The Interesting Part

Knowing When You've Stopped Talking

Here's a problem I didn't think about until I was neck-deep in code: how does the device know when you're done speaking?

You could make the user tap again to stop recording, but that's clunky. Push-to-talk works for walkie-talkies, not for something that's supposed to feel magical. The answer is silence detection. You listen for audio, track when sound stops, and after about 1.5 seconds of quiet, you assume they're done.
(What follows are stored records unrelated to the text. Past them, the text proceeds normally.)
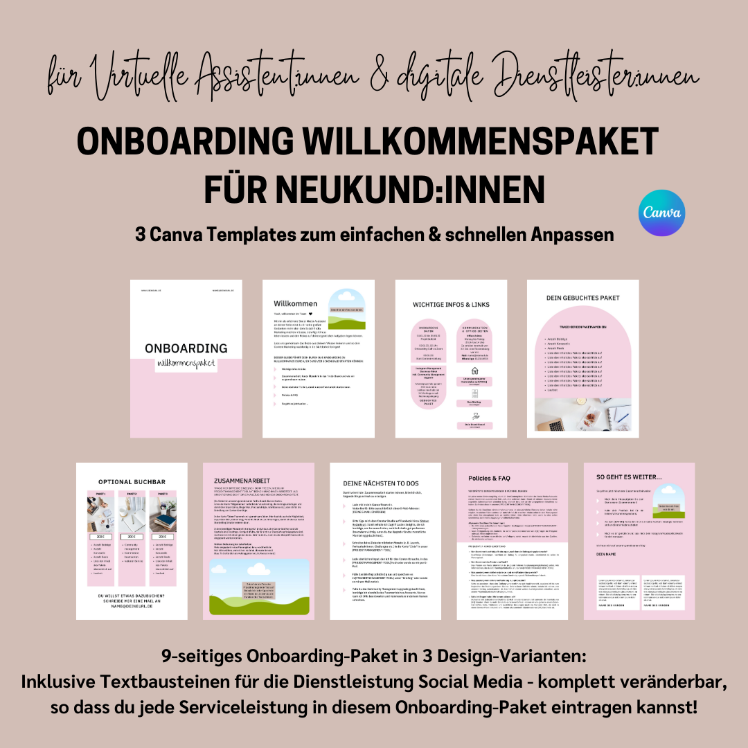 Dieses Onboarding-Paket ist für Virtuelle Assistent:innen & digitale Dienstleister:innen kreiert, die Social Media Management professionell anbieten, um deine Neukund:innen professionell und schnell in die Arbeitsprozesse einzuführen und über wichtige Details zu informieren. Aber auch jede andere Dienstleistung kannst du in dieses Onboarding-Template mit deinen Inhalten aufnehmen und deine Konditionen hinzufügen. Lass deiner Kreativität freien Lauf und verblüffe deine Neukund:innen mit einem hochwertigen und übersichtlichen Onboarding.
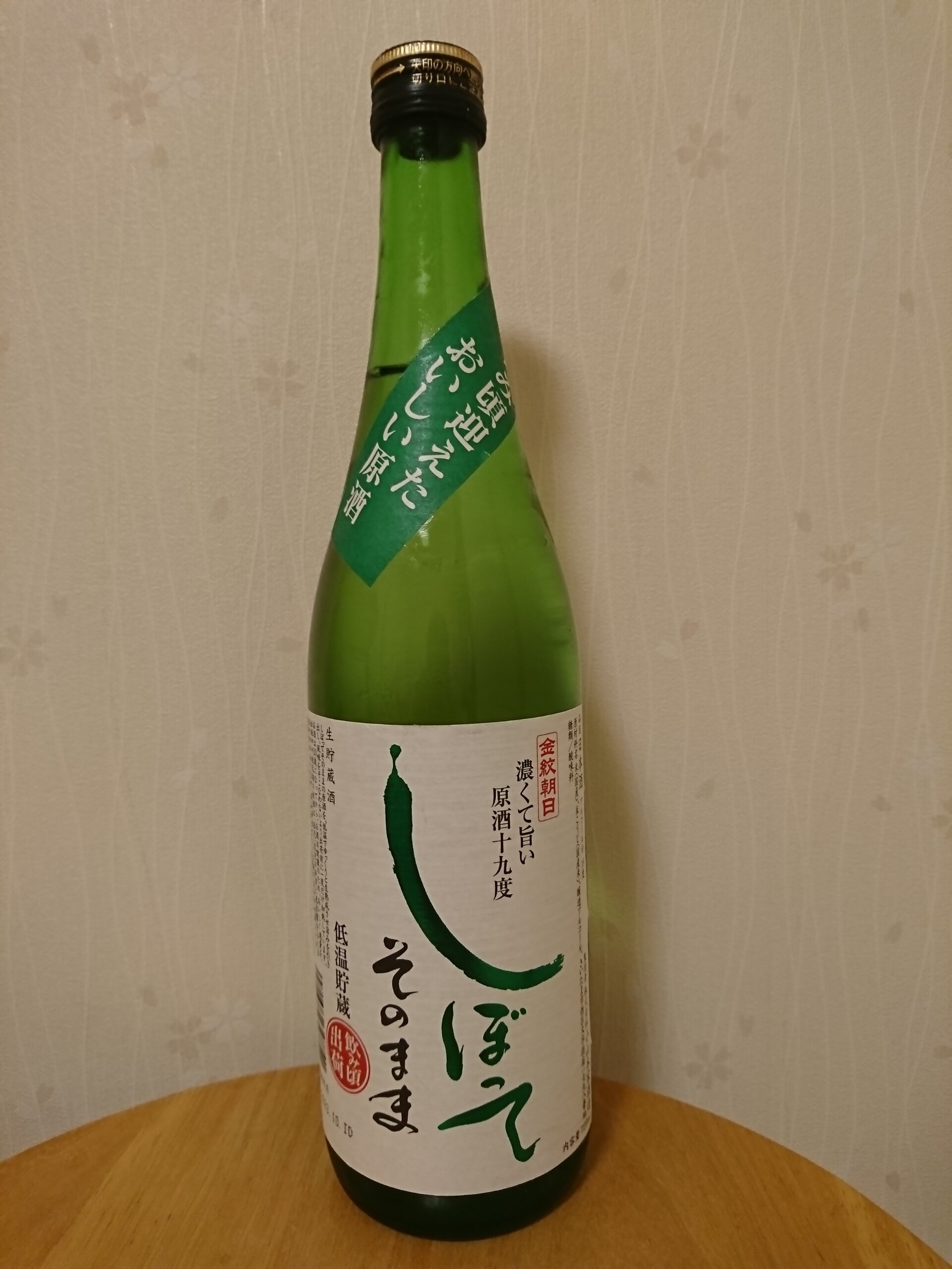 今日は茨城県取手市のディスカウントストア・ミスターマックス取手店で658円で購入した、埼玉県さいたま市の大手酒造メーカー・小山本家酒造の酒「金紋朝日・しぼってそのまま生貯蔵酒」を冷やして飲みました。酒は糖類・酸味料入りの糖類添加酒をしぼってそのままの原酒を飲み頃まで低温貯蔵した物で、アルコール度数は19度台と糖添酒の原酒としてはややアルコール度数が低い感じがします。飲んだ感想はとろっとしたとろみのある濃醇甘口の酒で飲み込むと少しアルコール辛さがありますが、まろやかで飲みやすく19度のアルコール度数を感じさせない飲み口でゴクゴクと飲めてしまいます。糖類・酸味料入りの酒ですが、しっかりとした旨味があって値段もお手頃でとても美味しかったです。これは◎
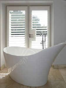 These waterproof shutters have the same appearance of wooden shutters but are made from vinyl which wont warp or split when in contact with water. They can come into direct contact with water and live to tell the tale in tip top condition for years and years. Traditional bathroom coverings such as venetian or pull down blinds can become damp and prone to mildew build up in humid conditions.
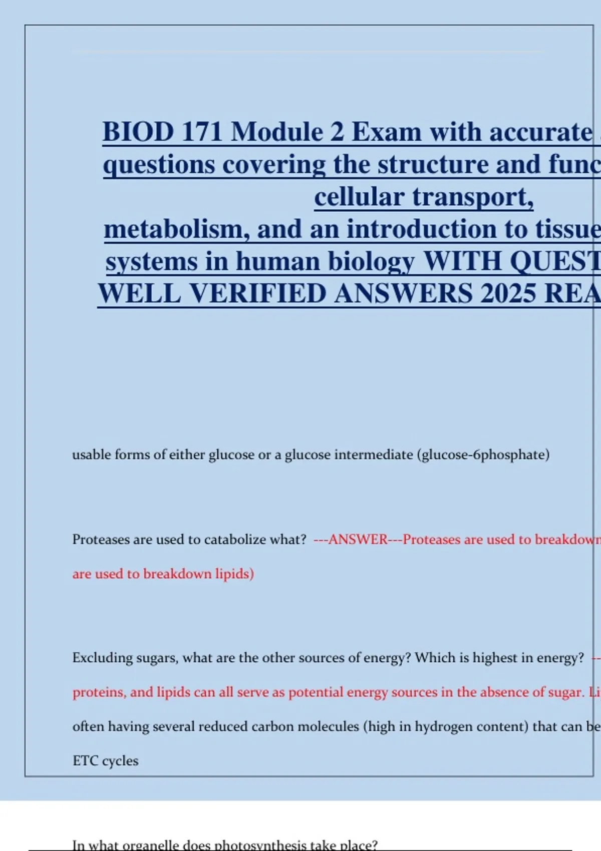 Prepare for the BIOD 171 Module 2 Exam (Portage Learning, 2025) with this study guide. Covers cell structure, cellular transport, metabolism, and an introduction to tissues and organ systems. Includes practice-style questions with answers.
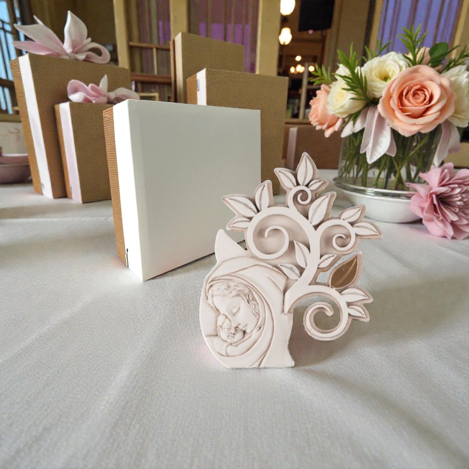 Scopri la nostra bomboniera battesimo ideale per celebrare un bambino o una bambina. Questo meraviglioso quadretto maternità rappresenta un simbolo profondo di amore e protezione, grazie alla sua raffigurazione della Madonna con bambino. Con il suo design unico e delicato, si trasforma in un regalo che accompagnerà i piccoli nella loro crescita, custodendo preziosi ricordi.
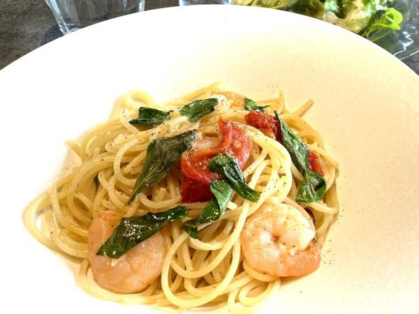 えびとバジルのペペロンチーノ
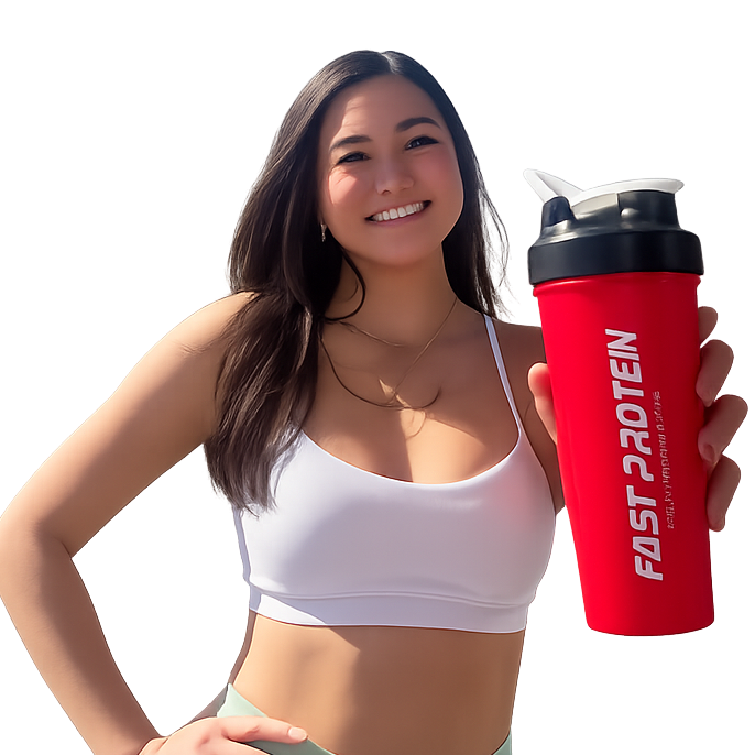 Protein Shaker Bottle by Fast Protein. BPA-FREE Fitness Shaker 600ML BPA-Free. Purchase with our Unflavored Protein Powder Includes a mixer steel ball for easy mixing. The screw-on lid creates a leak-proof seal, and the flip cap snaps securely shut to keep content spill-free. The protein shaker bottle is a Loop top for easy carrying or attaching keys/backpack. The protein shaker bottle fitness cup is 600 ML/20 oz - Mix 3 scoops of Fast Protein Powder with filtered water and uses it all day.
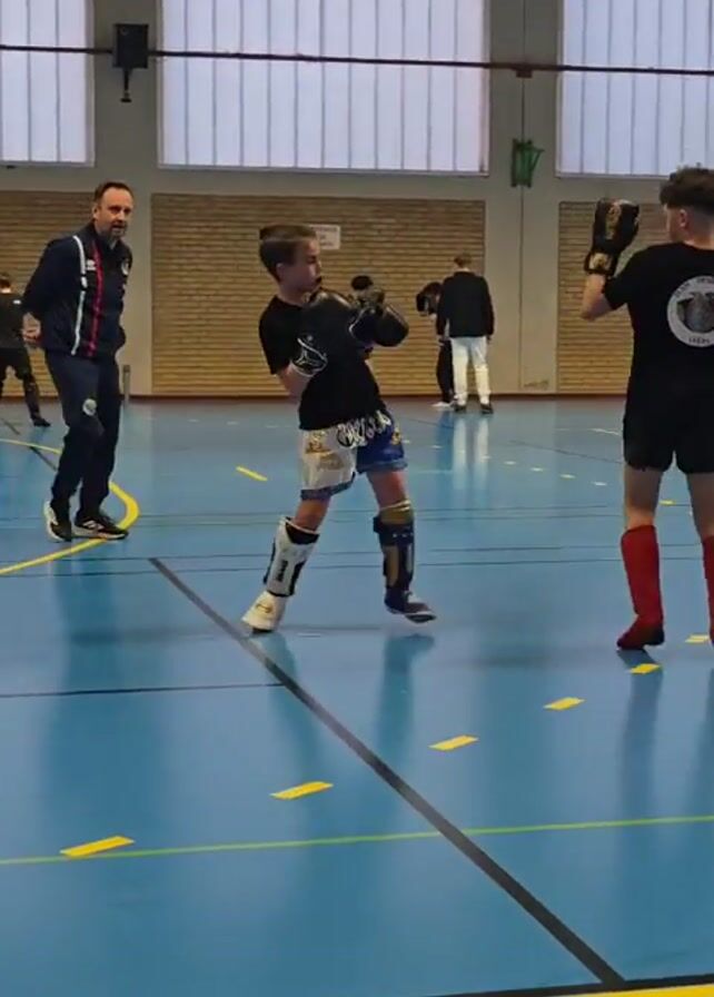 - "In a brightly lit indoor sports hall with a polished blue floor marked with yellow lines, two young boys engage in what appears to be a martial arts sparring session" by FM-dTRWD3, licensed under CC BY 4.0
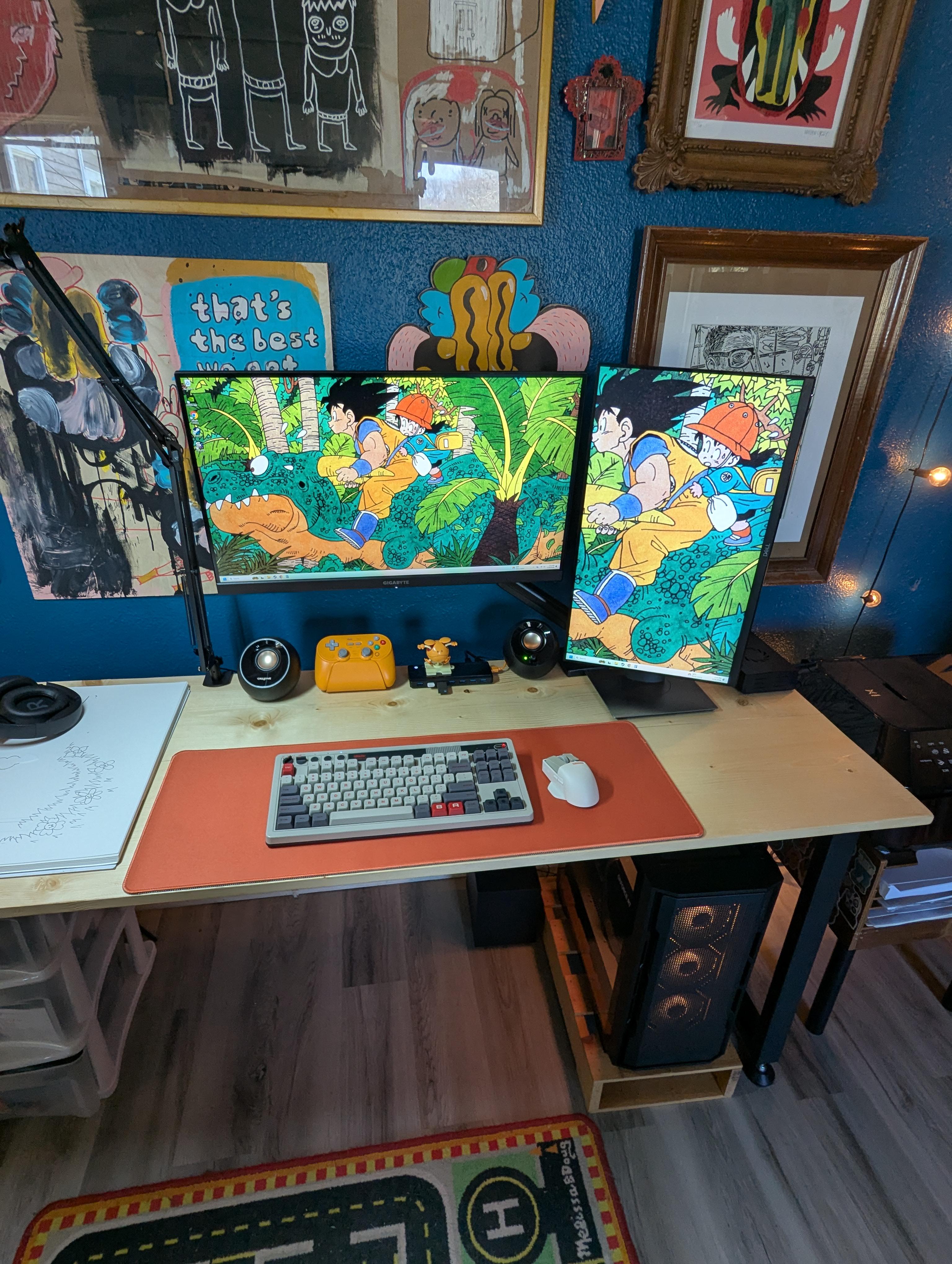 I went from a laptop on a folding table to this with a desk I built. It ain’t fancy but I’m really happy with it Posted by toasty_tuna

The trick is using a callback-based audio stream. Instead of recording for a fixed duration, you process audio in chunks as it comes in. Each chunk, you check the peak amplitude. If it's above a threshold, someone's talking. If it drops below and stays there, they've stopped.

silence_detection.py

def callback(indata, frames, time_info, status):
    nonlocal has_speech, silence_start
    state.recording_data.append(indata.copy())
    
    # Check audio level
    level = np.max(np.abs(indata))
    
    if level > SILENCE_THRESHOLD:
        has_speech = True
        silence_start = None
    elif has_speech:
        # Started hearing silence after speech
        if silence_start is None:
            silence_start = time.time()
        elif time.time() - silence_start > SILENCE_DURATION:
            # 1.5 seconds of silence = done talking
            state.stop_recording = True

The SILENCE_THRESHOLD took some tuning. Too low and background noise triggers it. Too high and quiet speakers get cut off. 500 worked well for my USB mic in a normal room.

The Numbers

Dinner to 1am

~300

Lines of Python

Models Tested

1.7B

Billion Parameters

API Calls

Raw Input

Touch Events on Linux

Pygame can handle touch events, but I wanted more control. Specifically, I wanted to detect how long someone was touching the screen. A tap should start recording. A double-tap should clear the conversation. A long press (2 seconds) should exit the app.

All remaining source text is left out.